Register Now (cancellation policies)
Walking Tour: Jewish Beacon Hill Image

Learn the history of Jewish Boston with guided walking tours by Boston by Foot! Meeting place will be provided after registration. Tours are typically 90 minutes. Minimum of 5 to run, max of 20 people. Please wear comfortable shoes. Tours are rain or shine.

April 7: Jewish Beacon Hill
In the late 19th and early 20th century, the North Slope of Beacon Hill was a neighborhood that was home to a large population of Jewish and Italian new immigrants. This tour focuses on the Jews of the North Slope, who lived an active Jewish life with three synagogues within a few blocks of each other, carrying customs of their old world with them even as they made changes to he new world around them. 
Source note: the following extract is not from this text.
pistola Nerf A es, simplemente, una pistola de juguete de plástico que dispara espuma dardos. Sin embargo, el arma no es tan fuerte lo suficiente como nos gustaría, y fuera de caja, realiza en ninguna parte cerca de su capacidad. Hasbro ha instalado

May 5: Boston Women Finding their Voices -- Boston’s working class immigrant community during the early 20th Century
As Boston’s working women were fighting for rights in the workplace, suffragists were demanding the right to vote. Both the women’s trade unionism and suffrage movements were led by proud, defiant women who were divided along class lines. It wouldn’t be until the early 20th century that suffragists & non-native working women would realize that to achieve their goals they would need to unite. 
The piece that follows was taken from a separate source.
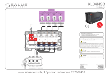KL04NSB Instalacja GRUPA 3 Przykładowe zastosowanie regulatorów L S1 NSB SL L N S2 S1 NSB SL L VS35 Regulator dobowy (slave) N S2 S1 NSB SL VS35 Regulator dobowy (slave) L N S2 S1 NSB SL L N N L AT 5 GW I! S2 VS35 Regulator dobowy (slave) CJ VS30 Regulator programowany (master) ARAN 7 Spełnia poniższe dyrektywy: - Dyrektywa Elektromagnetyczna 2004 / 108 / EC - Dyrektywa Niskonapięciowa 2006/95/EC Instrukcja ma zastosowanie tylko dla modelu SALUS Controls zamieszczonego na okładce niniejszej instrukcji i nie należy stosować jej dla żadnych innych modeli. 12 Uwaga 10 Instrukcja ta odnosi się do użytkowania produktu na terenie Unii Europejskiej z zachowaniem wszelkich innych zobowiązań ustawowych. Instalacja może być przeprowadzona tylko przez wykwalifikowanego instalatora oraz musi być zgodna z wymogami przepisów IEE (BS: 7671) oraz odpowiednimi lokalnymi przepisami kraju użytkownika. Producent nie ponosi odpowiedzialności za postępowanie niezgodne z instrukcją. Uwaga Podczas instalacji, urządzenie należy wyłączyć od zasilania 230V! Uwaga Styk uziemienia można wykorzystać tylko do zabezpieczenia przewodu. Listwa nie posiada uziemienia ochronnego. ROZDZIELACZ OGRZEWANIA PODŁOGOWEGO Dystrybutor SALUS-Controls : QL CONTROLS Spółka z o.o., Sp.k. ul. Rolna 4 43-262 Kobielice tel.: 32 700 74 53 [email protected] www.salus-controls.pl / pomoc techniczna 32 7007453 Importer: SALUS Controls plc Salus House Dodworth Business Park Whinby Road Barnsley S75 3SP United Kingdom [email protected] Instalacja 1 Zdejmij górną pokrywę listwy. Odkręć śruby w kierunku przeciwnym do ruchu wskazówek zegara o 1/4 obrotu. 5 Umieść w odpowiednich polach przewody regulatorów. 9 12 Podłącz w odpowiednie styki pozostałe przewody regulatorów temperatury (w górnej części listwy). Podłącz KL04NSB do KL08NSB używając odpowiedniej taśmy (w zestawie dostarczono 2 długości). Pamiętaj o odpowiedniej orientacji taśmy. KL04NSB Zastosowanie i instalacja listwy KL04NSB Zastosowanie listwy KL04NSB gwarantuje proste i bezpieczne podłączenie regulatorów temperatury oraz siłowników termoelektrycznych. 6 2 Przykręć z powrotem główną część listwy do tylnej obudowy. Odkręć główną część listwy od dolnej obudowy. Poniżej opisano 3 przykładowe konfiguracje podłączenia regulatorów w systemie NSB: Podłącz w odpowiednie styki przewody 10 siłowników termoelektrycznych, jak 13 pokazano na zdjęciu poniżej. Jeden regulator może sterować jednocześnie czterema siłownikami. Jeżeli Twój 7 Podłącz przewody zasilania L i N. 14 Usuń odpowieni odcinek izolacji z 10mm Zasilanie 50mm 10mm Regulatory temperatury Zamocuj element zabezpieczający przed wyrwaniem przewodu zasilania. 11 Podłącz zasilanie listwy - zapali się czerwona dioda. - Jedna grupa regulatorów - jeden regulator VS30 (master) steruje nocnym obniżeniem 7 pozostałych regulatorów VS35. W tym celu należy umieścić mostek pomiędzy stykami „1-4”, a „5-8” znajdującymi się na szarym polu obok zasilania listwy. Listwę KL04NSB należy zamontować w suchym i zamkniętym miejscu. Wilgotność powietrza nie może przekraczać 95%. Do czyszczenia listwy KL04NSB używaj suchej ściereczki, nie używaj silnych detergentów. Zdejmij pokrywę listwy KL04NSB Dioda Sygnalizacja Podłączenie Zasilanie LED Strefa 9 110mm Zamknij górną pokrywę listwy. 15 8 - Dwie grupy po 4 regulatory - np. w każdej grupie 1xVS30 + 3xVS35. - Trzy grupy po 4 regulatory - trzecia grupa podłączona do modułu rozszerzającego KL04NSB. układ wymaga podłączenia więcej niż 4 siłowników do jednej strefy grzewczej, zalecamy użycie dodatkowego przekaźnika, lub podłączenie jednego regulatora do kilku stref w listwie - mostkując przewód z symbolem SL. listwę KL04NSB do 3 Przymocuj ściany lub szyny DIN. Jeżeli mocujesz KL04NSB zaraz obok KL08NSB - użyj krótkiej taśmy podłączeniowej, w przeciwnym wypadku, możesz wykorzystać dłuższą taśmę. 4 Usuń zaślepkę w górnej pokrywie listwy. •• • KolorFunkcja Dioda KL04NSB jest poprawnie połączona z KL08NSB Strefa 10 Listwa KL04NSB jest podłączona do zasilania Strefa 11 Zapotrzebowanie na ciepło strefy 9-siłowniki strefy 9 otwarte Strefa 12 Kolor Funkcja •• • Zapotrzebowanie na ciepło strefy 10-siłowniki strefy 10 otwarte Zapotrzebowanie na ciepło strefy 11-siłowniki strefy 11 otwarte Zapotrzebowanie na ciepło strefy 12-siłowniki strefy12 otwarte www.salus-controls.pl / pomoc techniczna 32 7007453

June 2: Jewish East Boston
Discover East Boston’s rich history and dynamic present by exploring the neighborhood of Maverick Square, East Boston’s oldest commercial center. Trace its roots back to Noddle’s Island and learn how the East Boston Company created a planned community for immigrants that became today’s vibrant and diverse East Boston. 

July 14: Jewish North End
Few Jews lived in Boston in the 17th and 18th centuries, and a permanent Jewish community didn’t establish itself here until the 1840s. The wave of migration from Eastern Europe of the late 19th century greatly enlarged the city’s Jewish community, and many of the new immigrants of this period moved to the North End. This tour will expire some of the stories of Boston’s Jewish experience from the 17th century through the early 20th century.

In partnership with Boston by Foot.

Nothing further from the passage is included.